• **Requirement**
Leaving pictures aside, set down each line exactly, from the first line of the data to the line with "Over at this", both included.

• **Items listed in a dataset**
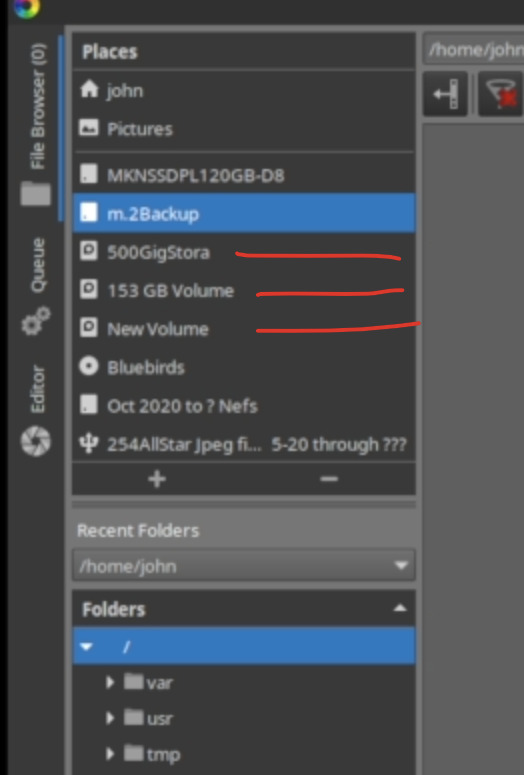 When I open up RT 2.9 the file browser does not seem to have the ability to access any of my drives. In RT 2.8 when I look in my Folders I see a Media Folder which houses all of my Drives. In 2.9 it does not even show that the Media folder exists.
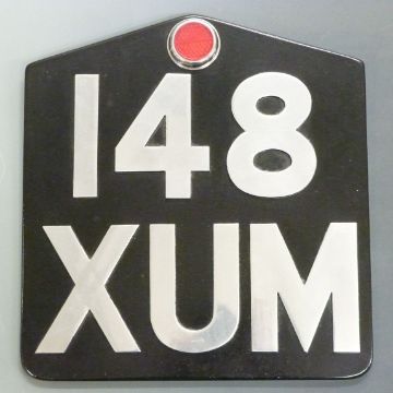 Aluminium novelty oversized motorcycle number plate, height 35cm together with a wooden casting pattern for the plate
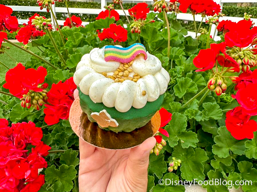 Over at this Deluxe Resort, The Artist’s Palette is a quick-service restaurant that usually serves some fun and creative cupcakes, so when we saw this Mickey Pot of Gold cake we had to check it out! This is a Stout-Chocolate Cake filled with Irish Cream Mousse dipped in a Chocolate Shell with buttercream, gold sprinkles, and a rainbow gummy.
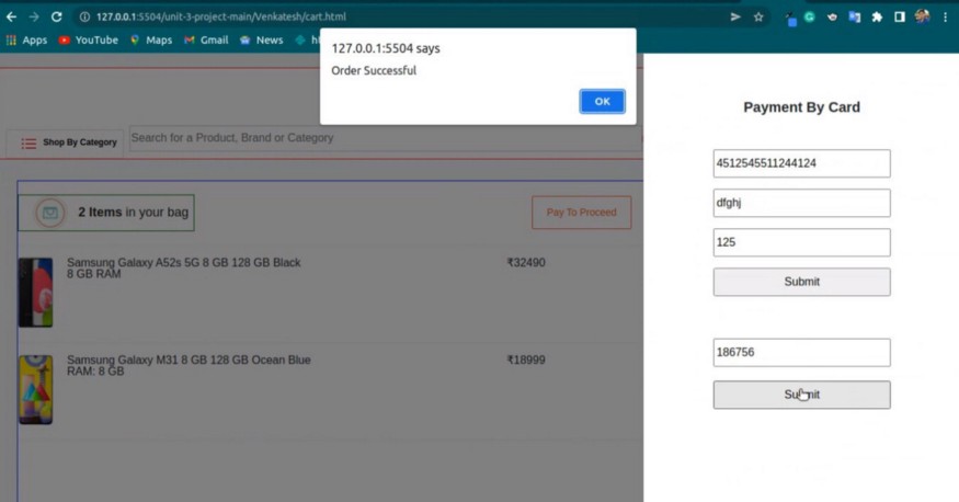 First you have to have to go to the signup page and create a new account. Then you will get an alert that signup successful. After the signup process is completed you have to login with the same details and it wil redirect you to the landing page. You can now go to the category page and navigate to add products to the cart. After that you can proceed to the cart page then after clicking on checkout button you will be redirected to the payment page there you can add your payment details and after clicking on pay now button, you will get an alert of successful payment.
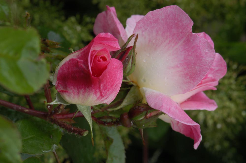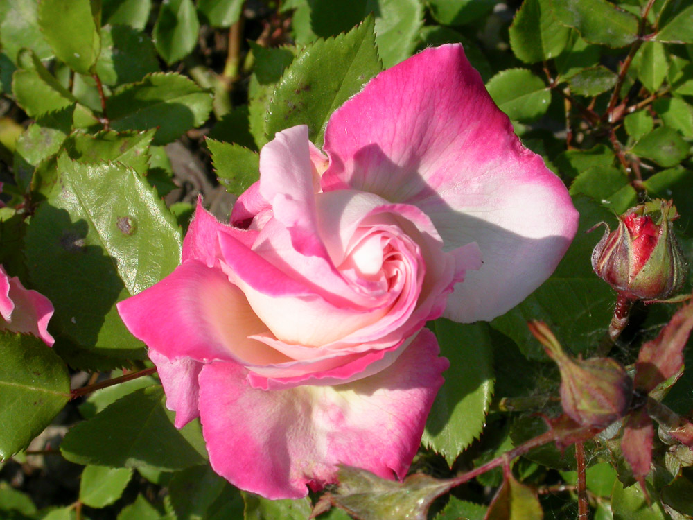 Pianta robusta. Portamento ramoso. Fiori rosa incarnato e bianco, a volte con i margini rossi. Poche spine e belle foglie ne fanno una rosa adatta ai vasi in postazioni calde e riparate.
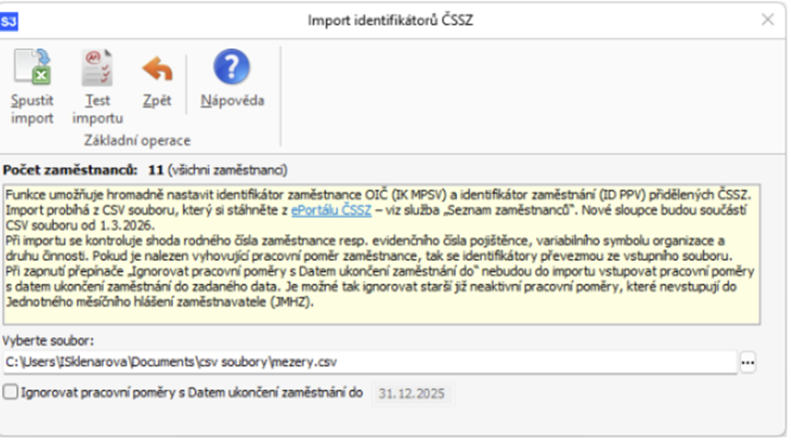 Od 1.3.2026 se na portále ČSSZ (odkaz uveden v MS3 na kartě Importu identifikátoru ČSSZ) vygeneruje csv soubor, který je možný naimportovat do MS3
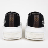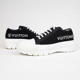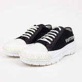 These Louis Vuitton Graphic Sneakers feature a sleek and sporty silhouette crafted from black mesh and smooth white leather. Designed with bold LV logo detailing on the side panels, these sneakers merge contemporary streetwear aesthetics with Louis Vuitton’s luxury craftsmanship. The ribbed rubber toe cap and treaded outsole add both texture and durability for all-day comfort and style.
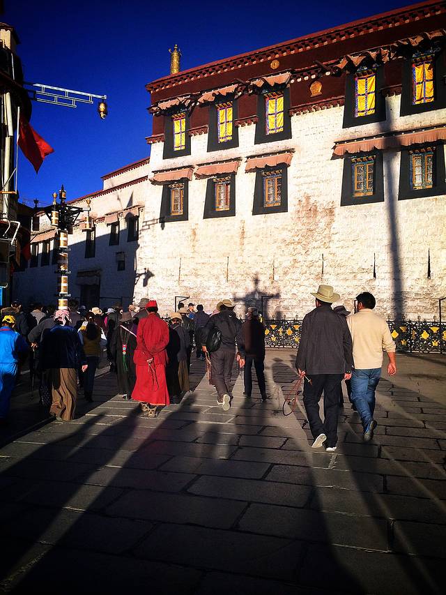 师傅:“你不是确定去布宫或大昭寺吗?那就上车先去布宫嘛!布宫离大昭寺1公里。布宫10块,大昭寺15块。”
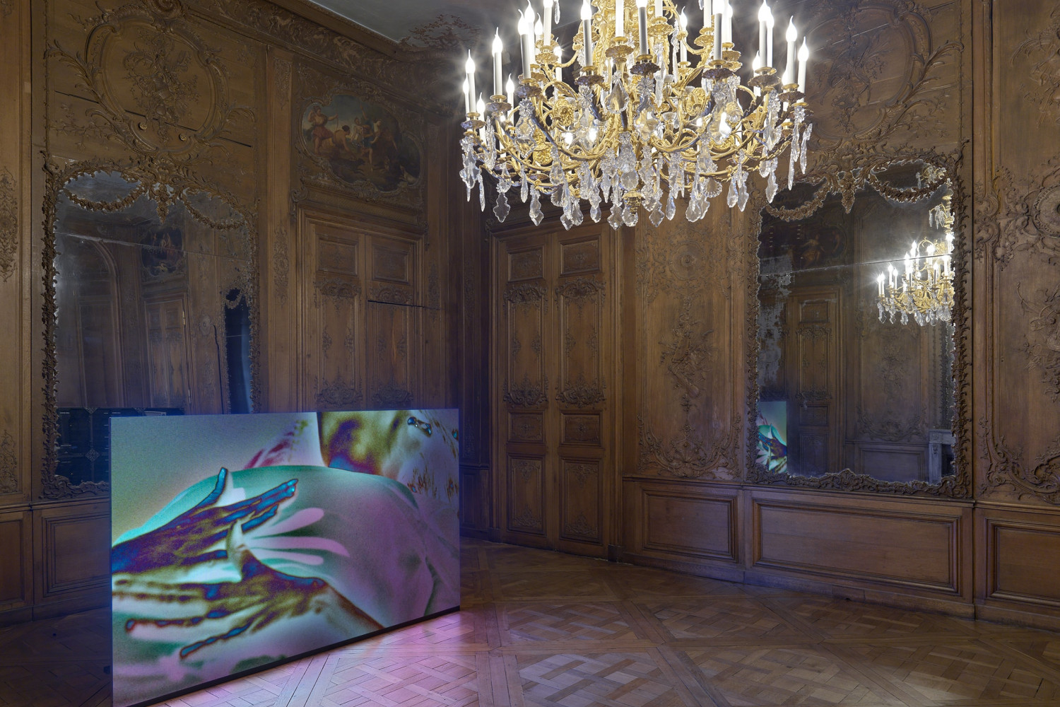 Presented for the first time at the ChΓ’teau de Rambouillet, Paroxysme is a filmic work by Isabelle Cornaro featuring sequences of images from different sources (16mm film, video, animation) relating to war, religion and seduction. On a large LED screen set up in the President's office of the Assembly apartment, these images are broadcast in a random montage controlled by an algorithm.
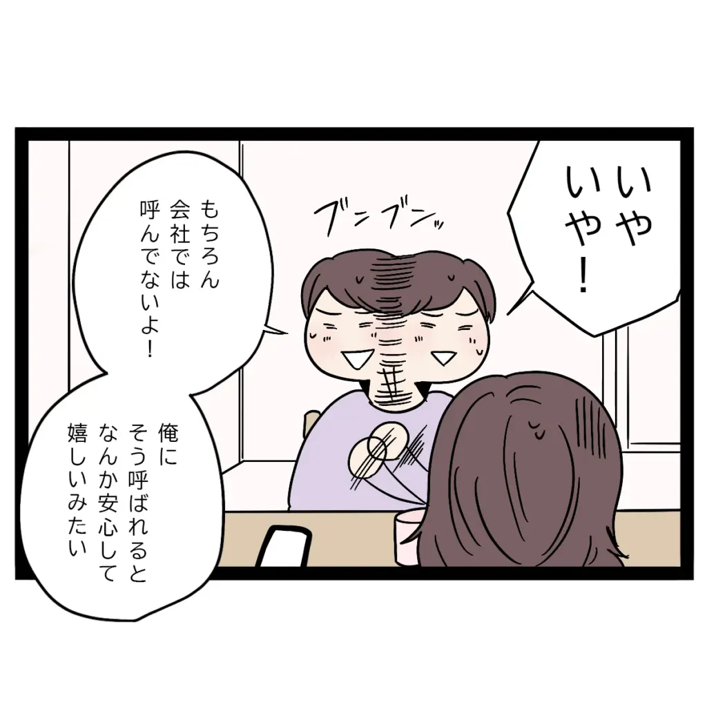 「いやいや!もちろん会社では呼んでないよ!俺にそう呼ばれるとなんか安心して嬉しいみたい」と嬉しそうに言い訳するまさひで。
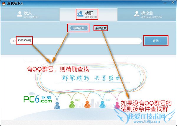 2.打开查找联系人面板后再点找群,如果你已有qq群号码则直接精确查找,反之则条件查找,本教程以pc6软件群136090816为大家示范。
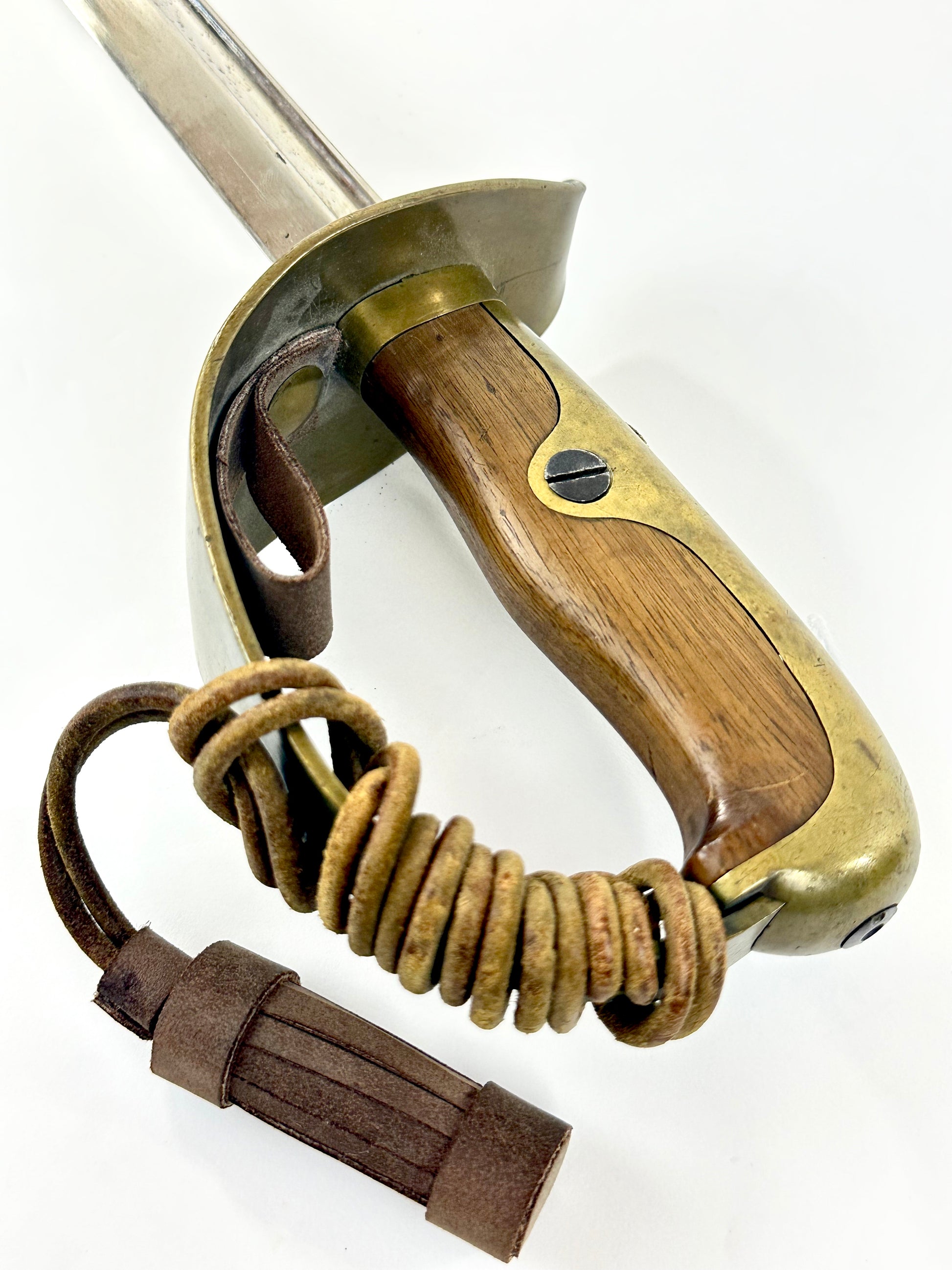 Honest service wear consistent with age; bright blade with scattered marks; brass hilt with pleasing patina; functional spring catch; steel scabbard with ring and period repair/spotting typical of field use. A complete, late-issue example retaining its leather knot.
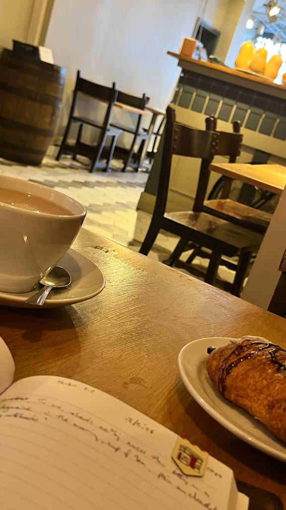 I’m sitting in a boulangerie, in the morning, with a cup of tea, a pain au chocolate and my notebook. I’m listening to 1.9 A Conversation with Jasper on my Coffee Pot Conversations hosted by An Englishman in Paris podcast which is due to be released tomorrow. It’s a rather sweet episode that took a while to put in place, as Jasper was more than a little nervous about it all. But he did exceptionally well unlike this Herbin fountain pen which is leaking her black ink all over the page. In fact, it’s only on the inside part of the page. I’ve gone through three-quarters of a cartridge writing three-quarters of a page in my blue “Tu Manges l’Orange” notebook. Once the ink has gone, I’ll swap pens and then once I’m back home, I’ll examine both pen and refill to work out what has caused this highly unexpected and very rare situation. All this and I’ve not even started my new job yet.

• **Task answer**
 When I open up RT 2.9 the file browser does not seem to have the ability to access any of my drives. In RT 2.8 when I look in my Folders I see a Media Folder which houses all of my Drives. In 2.9 it does not even show that the Media folder exists.
 Aluminium novelty oversized motorcycle number plate, height 35cm together with a wooden casting pattern for the plate
 Over at this Deluxe Resort, The Artist’s Palette is a quick-service restaurant that usually serves some fun and creative cupcakes, so when we saw this Mickey Pot of Gold cake we had to check it out! This is a Stout-Chocolate Cake filled with Irish Cream Mousse dipped in a Chocolate Shell with buttercream, gold sprinkles, and a rainbow gummy.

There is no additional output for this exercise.